Agent-First Data System Architecture
- Agent-first data system architecture is a paradigm where autonomous agents actively manage data workflows through dynamic reasoning and decision-making.
- It utilizes a layered design—comprising agent, coordination kernel, and data resource layers—to enhance scalability, efficiency, and secure integration.
- The framework integrates formal models, optimization, and secure protocols to support real-time data analytics and enterprise-grade applications.
Agent-First Data System Architecture refers to a paradigm in which autonomous agents—often leveraging LLMs or other forms of advanced AI—are positioned as primary actors in data system workflows. Unlike traditional architectures where data manipulation, preprocessing, transfer, analytics, and system management are orchestrated by human operators or static services, the agent-first model introduces one or many software agents that dynamically reason about, transform, and coordinate various data-centric tasks. Architectures in this category span application domains including data preprocessing, integration, large-scale data transfer, data analytics, distributed database failure management, and more. A series of works across the last decade has progressively defined, implemented, and evaluated these architectures.
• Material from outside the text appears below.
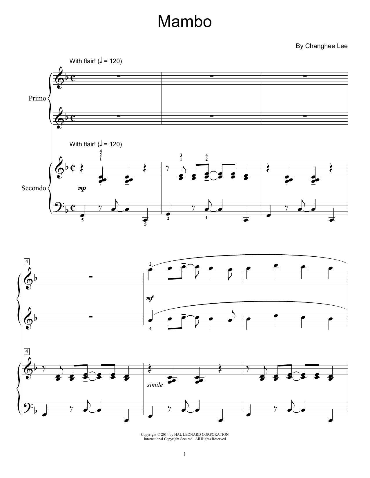 Download or print Changhee Lee Mambo sheet music, chords and digital score arranged for Piano Duet. This Children score includes 10 page(s).
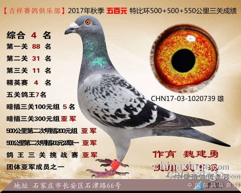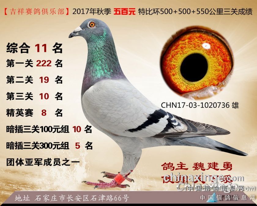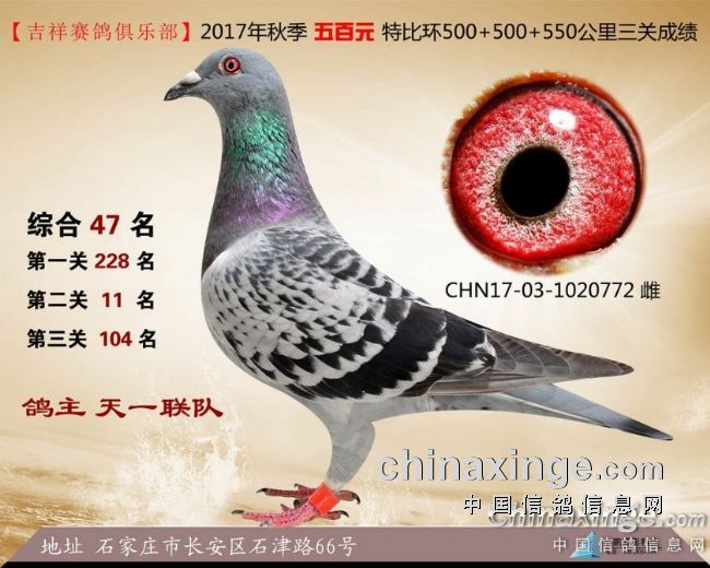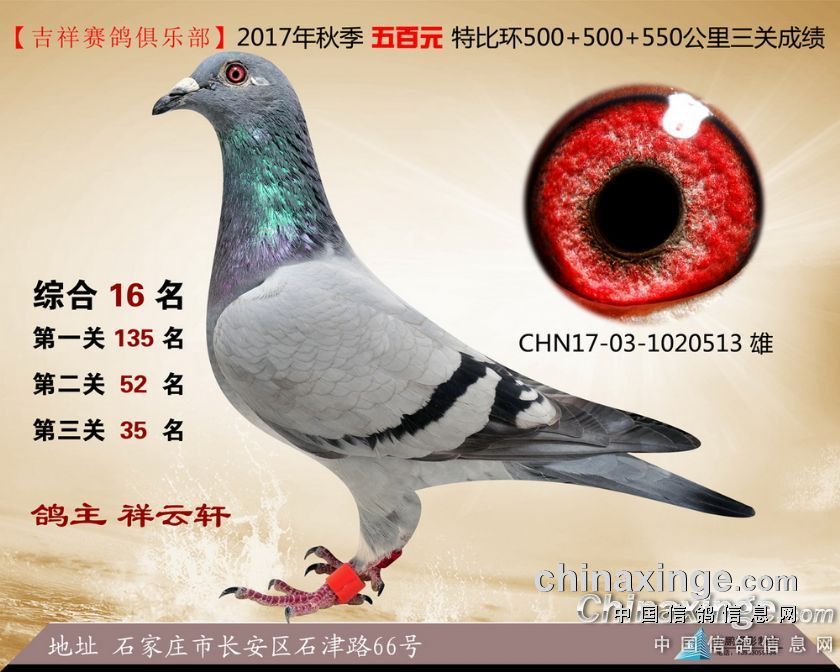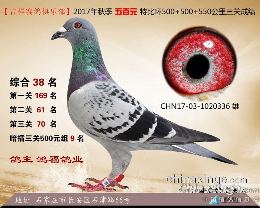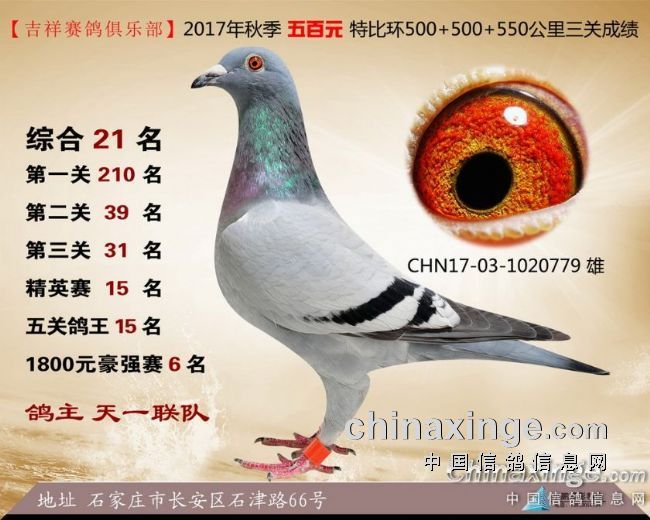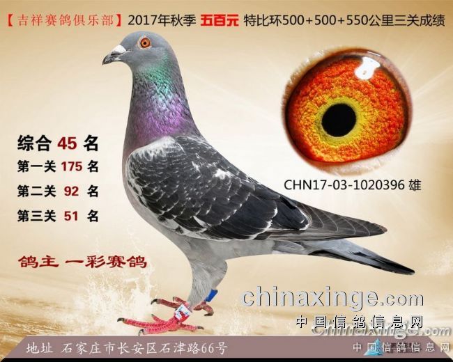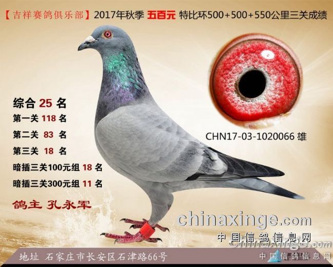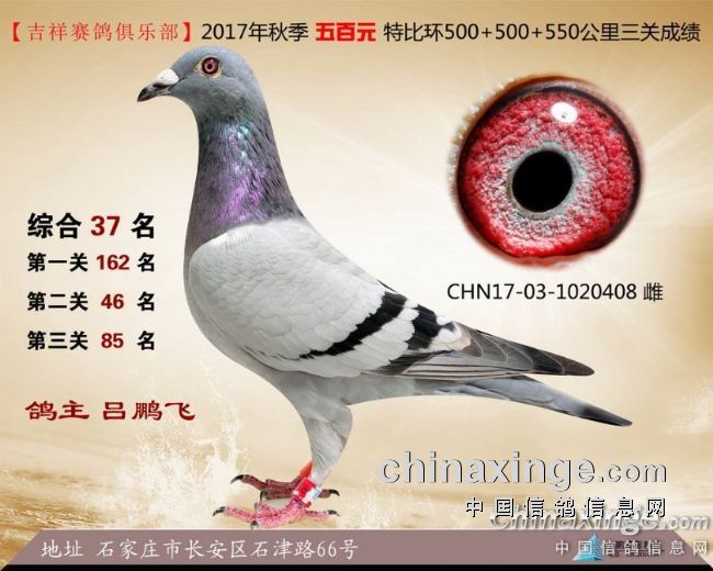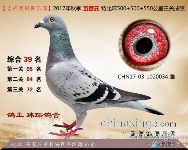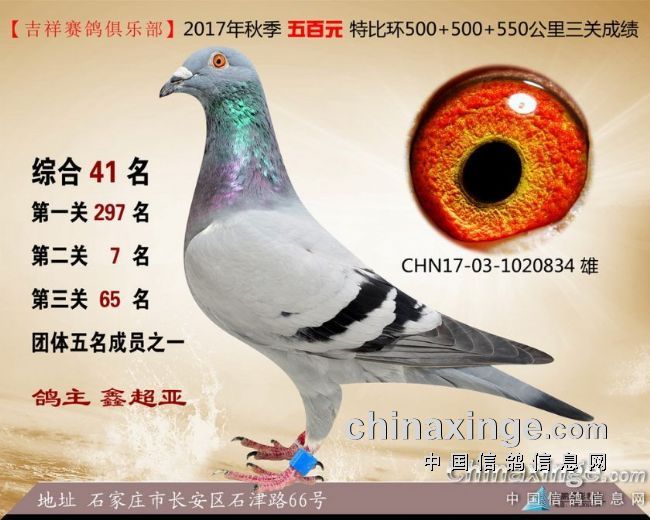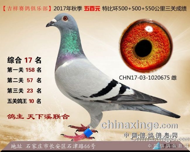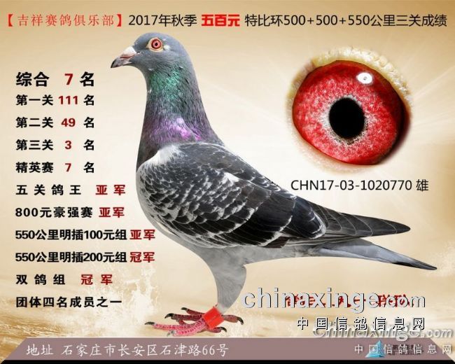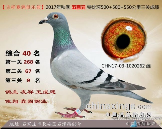 2017年秋季吉祥赛鸽俱乐部五百元特比环获奖鸽

1. Architectural Foundations and Roles
Agent-first architectures, as exemplified in e-business systems (Kularbphettong et al., 2010), scientific data transfer (Dobre et al., 2011), data analytics (AgenticData (Sun et al., 7 Aug 2025), Data Agent (Sun et al., 2 Jul 2025)), and administrative databases (Zhang et al., 9 Apr 2025), center on autonomous software agents that act as active, decision-making entities rather than passive service endpoints.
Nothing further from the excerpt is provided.